▶ Assigned task
Reproduce, exactly and only, the lines of the data that follows from the one containing "随着专列缓缓起步,新生们兴致" down to the one containing "材質 | ◆產品名稱:【綠家居】葛特雙色5尺推門衣櫃", without pictures.

[[ Data to examine open ]]

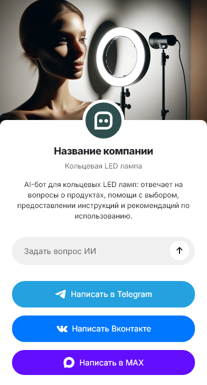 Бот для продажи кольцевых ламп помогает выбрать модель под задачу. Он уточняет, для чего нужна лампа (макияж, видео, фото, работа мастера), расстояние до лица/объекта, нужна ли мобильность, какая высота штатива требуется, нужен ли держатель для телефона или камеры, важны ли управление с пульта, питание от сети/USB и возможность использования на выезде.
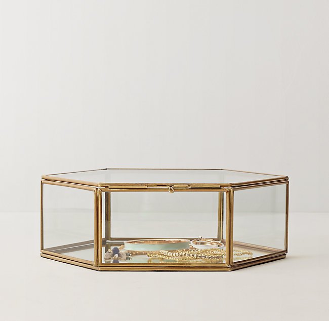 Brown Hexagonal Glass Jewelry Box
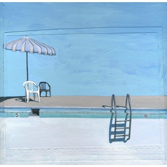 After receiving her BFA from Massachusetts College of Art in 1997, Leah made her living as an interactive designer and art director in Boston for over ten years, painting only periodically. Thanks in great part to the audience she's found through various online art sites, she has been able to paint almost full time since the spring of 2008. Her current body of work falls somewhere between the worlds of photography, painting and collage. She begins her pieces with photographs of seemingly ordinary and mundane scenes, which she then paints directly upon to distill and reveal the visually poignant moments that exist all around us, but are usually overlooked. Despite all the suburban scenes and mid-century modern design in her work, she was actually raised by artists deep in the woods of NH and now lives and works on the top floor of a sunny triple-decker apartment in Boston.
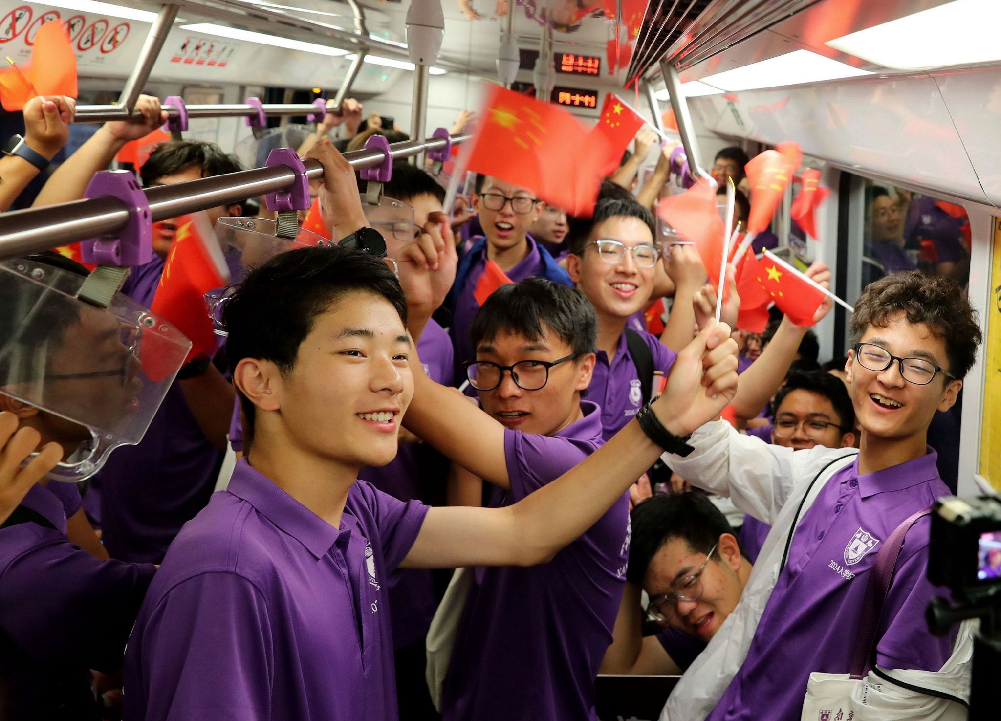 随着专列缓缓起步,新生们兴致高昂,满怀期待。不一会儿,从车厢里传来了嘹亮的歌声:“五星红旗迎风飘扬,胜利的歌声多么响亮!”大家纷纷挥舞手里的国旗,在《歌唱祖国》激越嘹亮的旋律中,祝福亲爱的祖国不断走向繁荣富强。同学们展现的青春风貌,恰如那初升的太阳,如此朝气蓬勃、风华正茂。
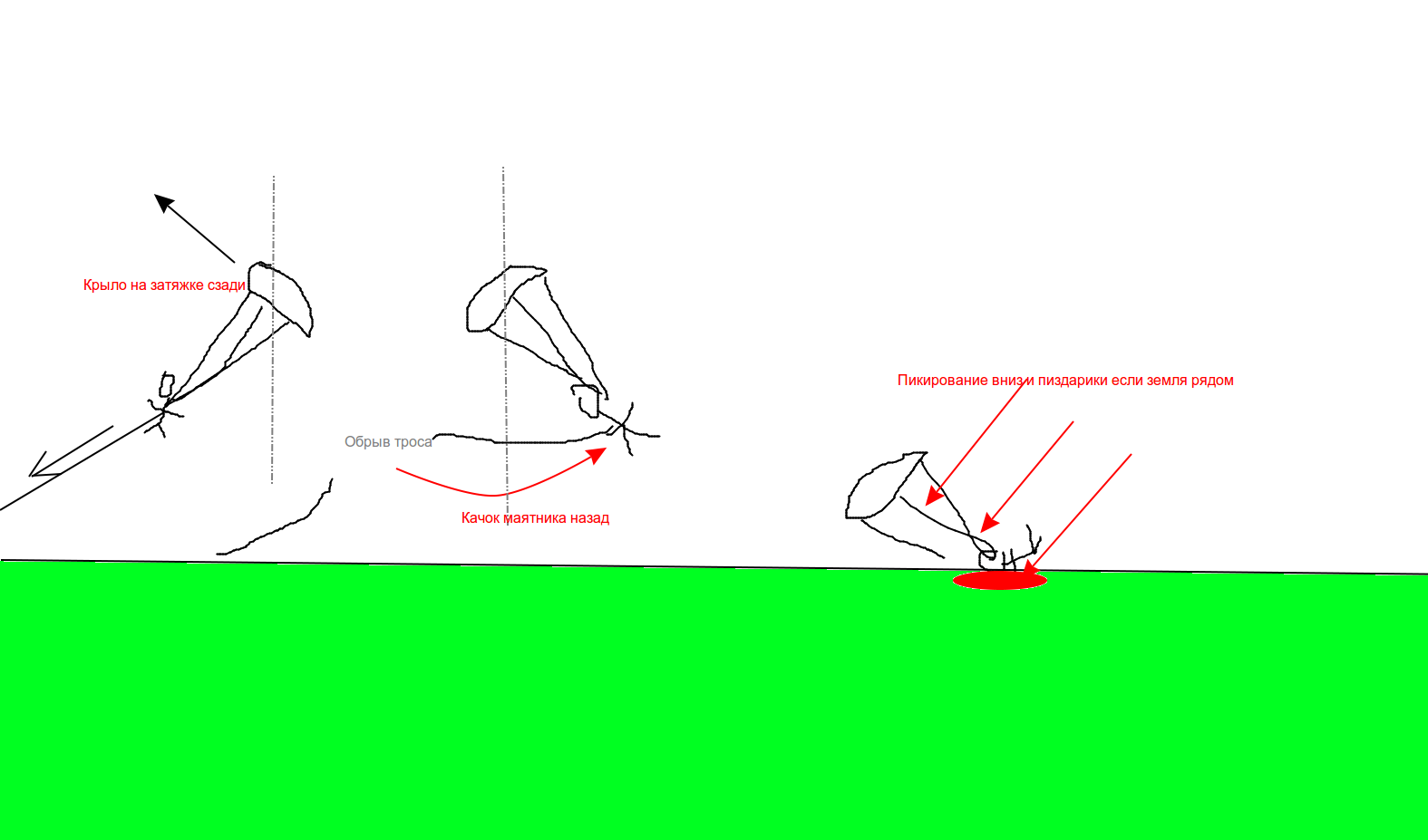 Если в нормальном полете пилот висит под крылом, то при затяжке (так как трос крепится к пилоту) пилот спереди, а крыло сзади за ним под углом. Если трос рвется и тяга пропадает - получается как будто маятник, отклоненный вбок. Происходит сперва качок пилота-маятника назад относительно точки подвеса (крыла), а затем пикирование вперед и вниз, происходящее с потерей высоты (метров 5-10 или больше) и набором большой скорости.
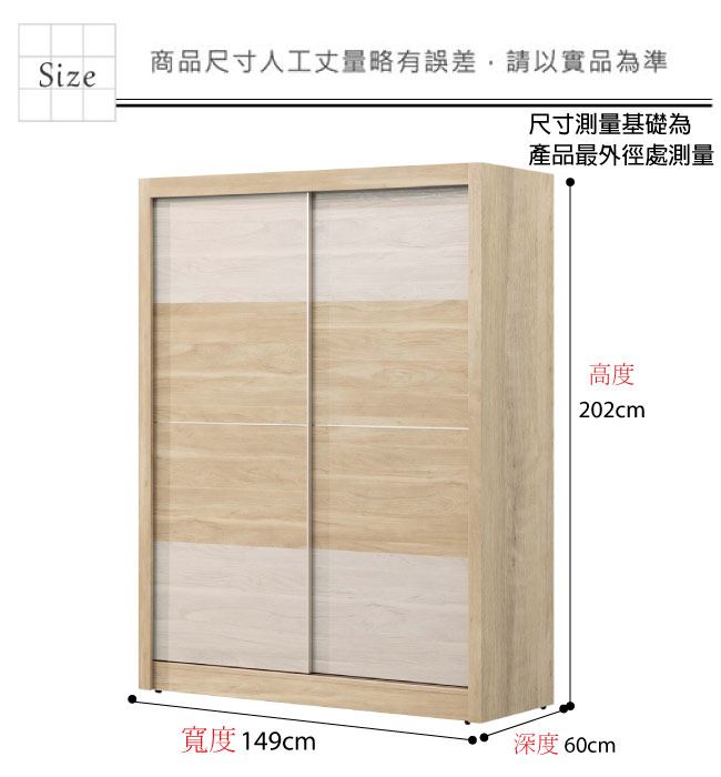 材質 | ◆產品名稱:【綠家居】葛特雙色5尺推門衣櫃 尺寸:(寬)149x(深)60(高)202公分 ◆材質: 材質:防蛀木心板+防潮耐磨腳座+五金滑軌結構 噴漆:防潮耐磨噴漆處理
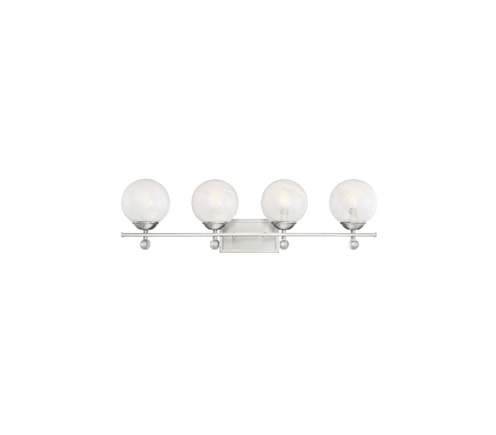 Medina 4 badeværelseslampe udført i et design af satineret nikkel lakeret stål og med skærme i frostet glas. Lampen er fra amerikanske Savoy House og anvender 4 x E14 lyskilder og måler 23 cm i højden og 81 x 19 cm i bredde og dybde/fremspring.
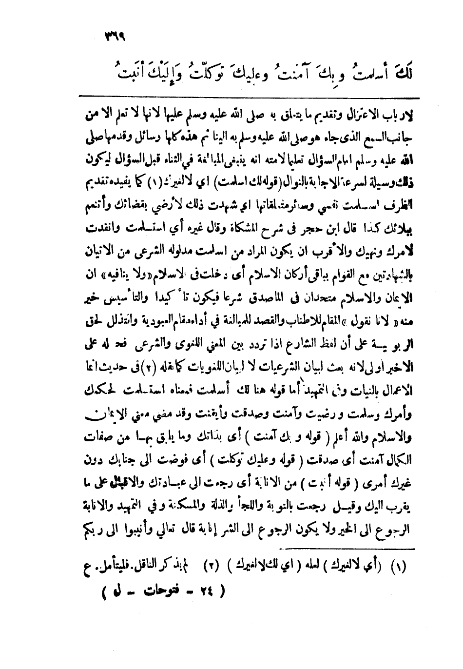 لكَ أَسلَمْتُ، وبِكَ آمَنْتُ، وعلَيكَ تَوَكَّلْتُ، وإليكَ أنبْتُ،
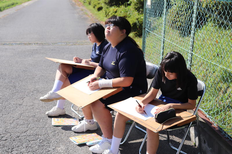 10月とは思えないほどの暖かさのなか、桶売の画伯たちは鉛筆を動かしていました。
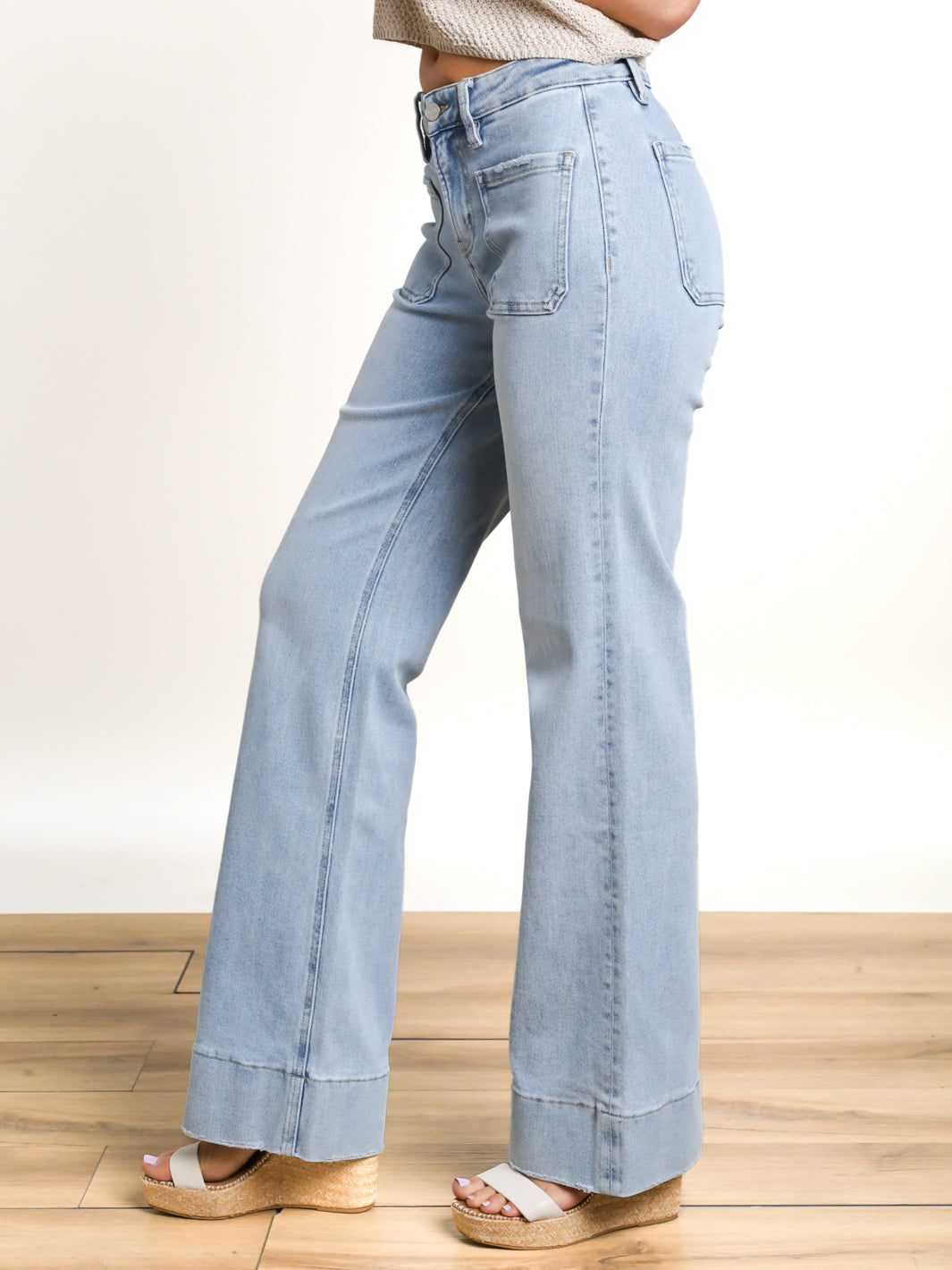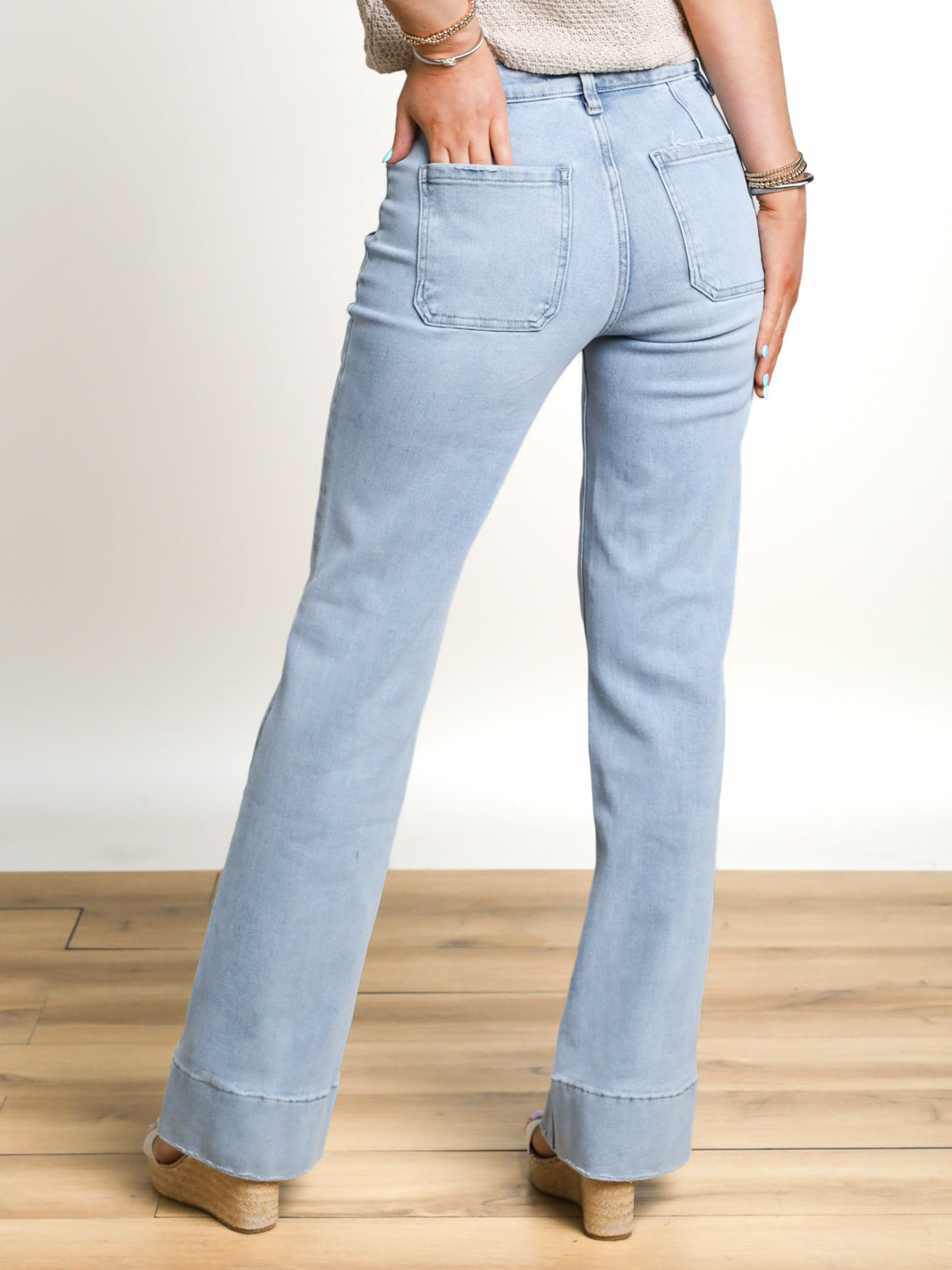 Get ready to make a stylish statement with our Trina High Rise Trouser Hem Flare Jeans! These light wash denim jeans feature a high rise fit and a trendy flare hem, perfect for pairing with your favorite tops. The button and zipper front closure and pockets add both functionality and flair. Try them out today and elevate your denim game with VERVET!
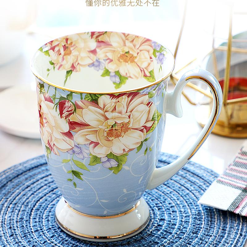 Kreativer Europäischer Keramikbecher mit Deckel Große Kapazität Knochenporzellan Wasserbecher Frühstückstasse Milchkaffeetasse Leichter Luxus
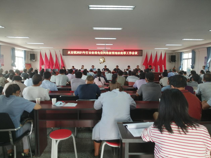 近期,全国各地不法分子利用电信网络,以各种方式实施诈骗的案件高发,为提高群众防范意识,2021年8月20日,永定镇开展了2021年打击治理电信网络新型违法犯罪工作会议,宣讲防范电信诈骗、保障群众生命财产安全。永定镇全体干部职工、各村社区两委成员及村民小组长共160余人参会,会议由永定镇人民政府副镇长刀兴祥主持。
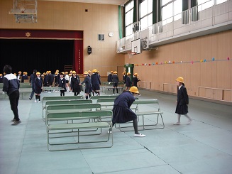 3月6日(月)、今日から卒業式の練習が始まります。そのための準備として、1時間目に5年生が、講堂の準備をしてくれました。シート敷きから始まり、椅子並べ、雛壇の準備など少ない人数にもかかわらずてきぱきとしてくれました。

[[ Data to examine closed ]]

▶ Exercise solution
 随着专列缓缓起步,新生们兴致高昂,满怀期待。不一会儿,从车厢里传来了嘹亮的歌声:“五星红旗迎风飘扬,胜利的歌声多么响亮!”大家纷纷挥舞手里的国旗,在《歌唱祖国》激越嘹亮的旋律中,祝福亲爱的祖国不断走向繁荣富强。同学们展现的青春风貌,恰如那初升的太阳,如此朝气蓬勃、风华正茂。
 Если в нормальном полете пилот висит под крылом, то при затяжке (так как трос крепится к пилоту) пилот спереди, а крыло сзади за ним под углом. Если трос рвется и тяга пропадает - получается как будто маятник, отклоненный вбок. Происходит сперва качок пилота-маятника назад относительно точки подвеса (крыла), а затем пикирование вперед и вниз, происходящее с потерей высоты (метров 5-10 или больше) и набором большой скорости.
 材質 | ◆產品名稱:【綠家居】葛特雙色5尺推門衣櫃 尺寸:(寬)149x(深)60(高)202公分 ◆材質: 材質:防蛀木心板+防潮耐磨腳座+五金滑軌結構 噴漆:防潮耐磨噴漆處理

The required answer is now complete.